See my post below. If you think I'm just telling you to buy low and sell high you're missing the point.

>The market can be highly dependent on emotion
Here's my hot take: the market is ONLY dependent on emotion. You can gather all the data you want, charts, numbers, whatever - but in the end, what makes people buy and sell is the way they FEEL about that data. As you correctly stated, what makes you buy or sell is the memory of the pleasure of gains and the pain of loss. But this is valid to everything in life. Your brain doesn't work differently regarding financial markets that it does regarding anything else in life.

>very mild log axis
better yet, variablize the log axis so it can range from mild to hard core, then and add a sinusoid to tune it.
also, add some decomposition while youre at it because its not just the market participants average age, but also the number of participants that affects the cycles. just one of the two being constant will fit your hypothesis perfectly.

You are missing the poster.

Nice theory. I’m already in my 30s and definitely don’t trade my crypto ever. Learned that lesson in my 20s. Holding in crypto is very similar to riding the emotional waves of my 20s stock trading but I have the resolve now to stick with things I believe in because historically whenever I sold something I believed in I wound up regretting it. Anecdotally I align with your theory as someone who has been trading assets for the last 15 years.

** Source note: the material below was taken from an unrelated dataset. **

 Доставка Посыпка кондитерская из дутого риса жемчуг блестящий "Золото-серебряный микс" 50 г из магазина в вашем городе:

I actually like this theory, I'm sure this has some relevance on markets for sure

Again, the fundamentals of a market determine how susceptible it is to emotion.
Milk and gas prices react very differently than btc to short term news.
That's reasonable.
Another thing I noticed when looking at some of the smaller asset classes is that the median age of wealth held in asset is what matters (as you would expect) not the median age of all investors. In other words if 1bn teenagers with 50 bucks to their name enter the stock market, it won't affect the periodicity of market cycles much but if a few rich boomers enter the crypto market it will.
Perhaps I am.
I think very similar things about myself though I've been immunized against most trading by watching smart friends go down that path and fail.

>Milk and gas prices react very differently than btc to short term news.
Absolutely, but concepts like supply, demand and elasticity only reflect people's emotions. In the end, an economy is only the way everyone feels like using their money.
I unironically learned this lesson watching South Park years ago. Season 13, episode 3. Check it out.

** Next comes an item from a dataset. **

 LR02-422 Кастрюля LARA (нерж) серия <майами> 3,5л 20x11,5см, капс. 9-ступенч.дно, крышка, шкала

>Another thing I noticed when looking at some of the smaller asset classes
Show your data. Show where you are getting reliable data on the age of a person making a particular transaction.

Fucking lmao congrats on picking a very appropriate image in the OP.

Market cycles don't exist anymore, infinite QE has ushered in a new paradigm. Sorry OP, technology has caught up to your theory. This time it's just different.

>median age of wealth held in asset
yeah youre right. i guess rather than say "age + number" of participants, its better to put it as "age * weighted by influence".
as the asset class gets larger, decomposition doesnt show a clear cycle because i think the "influence factor" gets dispersed

Your hypothesis makes sense but I'm not sure there is necessarily as great of an age demographic shift in investment. I also believe the wisdom of not timing the market comes less from people's lack of understanding about cycles and more from externalities that become variables e.g. bat soup.